Kürt halkı ve Kürt kadınları olarak bu doğuşun, Önderliğimizin varlığının bizler için nasıl tarihsel bir şans, nasıl bir mucize olduğunu; ancak Önderliksiz bir yaşamı, bu doğuşun gerçekleşmediği bir Kürdistan'ı tasavvur ettiğimizde daha derinlikli ve yakıcı görebilmekte, duyumsayabilmekteyiz. Önderlik doğuşunun gerçekleşmediği bir dünya, Kürdistansız, Kürtsüz, onursuz, özgürlüksüz, emeksiz, anlamsız bir 'var oluş' dünyası olacaktı bizler için. Bunun farkında olmamak, bir taş gibi, bir kuş kadar bile kendi sesiyle ötemeyen herhangi bir canlı gibi doğup ölmek, gerçeğin ve hakikatin anlamını değiştirmeyecektir. Yani bizler hiç yaşamadan, anlamlaşmadan, kendi var oluşumuzun anlamını bilmeden başkalarının, egemenlerin çıkarlarının basit araçları olarak doğup ölecektik.

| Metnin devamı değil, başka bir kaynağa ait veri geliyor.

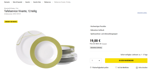 Tafelservice Vivante, 12-teilig für 19,00 Euro inkl.Versand.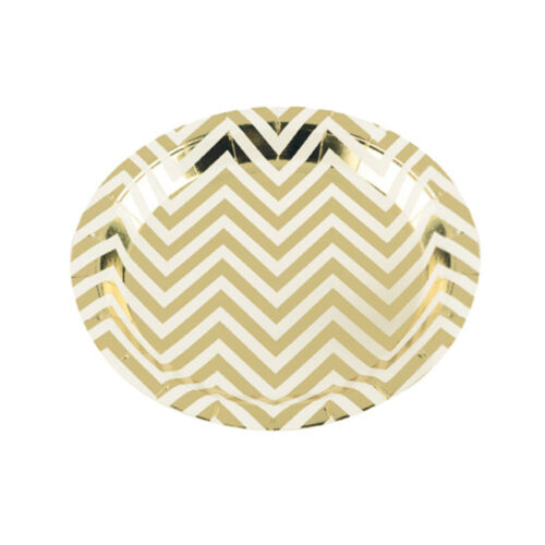 Contém na embalagem 10 unidades de prato papel 18CM Missoni Dourado.

Tam da bu nedenle, Önderliğimizin doğuşu doğuşumuzdur, diyoruz. Bu nedenle Önderliğimizin doğuşu Mezopotamya'nın, Anadolu'nun, insanlığın bugününe ve geleceğine doğan özgürlük güneşidir, diyoruz.
Önderliğimizin doğuşu tüm insanlığa kutlu olsun! Halklarımızı, özelde de kadınları ve gençleri, kendini bilmenin ve öz yaşamı yaratmanın pusulası ve ilham kaynağı olan Önderliğimizi sahiplenmeye, onun özgürlük felsefesini kişiliğinde ve yaşamın her anında gerçekleştirmeye çağırıyoruz. Önderliğimiz, ilke ve ölçüleriyle, büyük anlam gücüyle kişiliklerimizde ve yaşamımızda gerçekleştiği oranda özgürleşecektir, nesnel anlamda da."